Abdallah Aich
- Aich with Lebanon in 2019

Personal information
- Full name: Abdallah Mohamad Fadel Aich
- Date of birth: 5 October 1995 (age 30)
- Place of birth: Tripoli, Lebanon
- Height: 1.73 m (5 ft 8 in)
- Position: Left-back

Team information
- Current team: Tripoli
- Number: 12

Youth career
- Mawadda Tripoli
- 2012–2015: Nejmeh

Senior career*
- Years: Team / Apps / (Gls)
- 2012–2015: Nejmeh / 1 / (0)
- 2015–2016: Eintracht Nordhorn / 25 / (4)
- 2016–2017: Nejmeh / 0 / (0)
- 2016–2017: → Ijtimaii (loan) / 9 / (1)
- 2017–2019: Tripoli / 33 / (0)
- 2019–2022: Nejmeh / 24 / (0)
- 2022–2024: Ansar / 35 / (0)
- 2024–2025: Bourj / 5 / (0)
- 2025–: Tripoli / 9 / (0)

International career^{‡}
- 2013: Lebanon U20
- 2019–2021: Lebanon / 2 / (0)

= Abdallah Aich =

Lebanese footballer (born 1995)

Abdallah Mohamad Fadel Aich (عبد الله محمد فاضل عيش, /apc-LB/; born 5 October 1995) is a Lebanese footballer who plays as a left-back for club Tripoli.

== Club career ==
Aich started his career at Mawadda Tripoli, before moving to Nejmeh's youth team.
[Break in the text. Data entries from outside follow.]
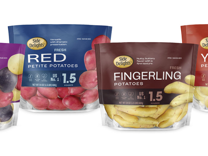 The new packaging design boasts contrasting colors between the bag and the potato to brighten the display and invite shopper exploration with a bold, clean, contemporary approach. Side Delights® Petite potatoes are available in 1.5lb and 3lb stand-up gusset bags, various mesh pillow pack sizes, and 1lb netted pouch with wine bottle tag. All packages prominently display the potato type and the pack size for easy consumer shopping.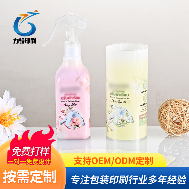 厂家热推定制彩印热收缩膜标签 pet清洁剂瓶喷雾瓶身膜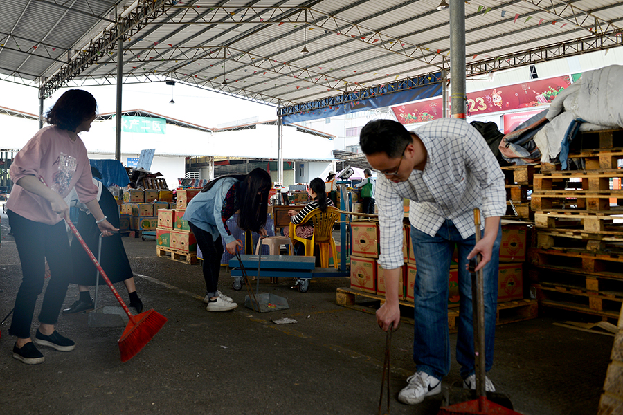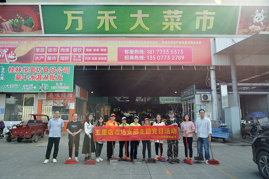 為給市場經營戶營造干凈、整潔的經營環境,讓廣大市民過上歡樂、祥和的廣西特色民族節日,在三月三即將到來之際,萬禾集團五里店市場支部組織黨員在五里店果蔬批發市場開展“美化環境,喜迎三月三”主題黨日活動,進一步弘揚新時代文明新風和環保意識。

He made his Lebanese Premier League debut on 6 May 2013, in a 2–1 loss against Safa. In 2015, Aich moved to Eintracht Nordhorn in Germany, playing 25 games and scoring four.

He then returned to Nejmeh in 2016, before being loaned out to Ijtimaii for one year the same year. Upon returning from loan, Aich was sold Tripoli in 2017. Having made 33 appearances in two seasons, he returned to Nejmeh in 2019.

In July 2022, Aich joined cross-city rivals Ansar on a free transfer. On 19 August 2026, Aich's contract with Tripoli was extended for one year.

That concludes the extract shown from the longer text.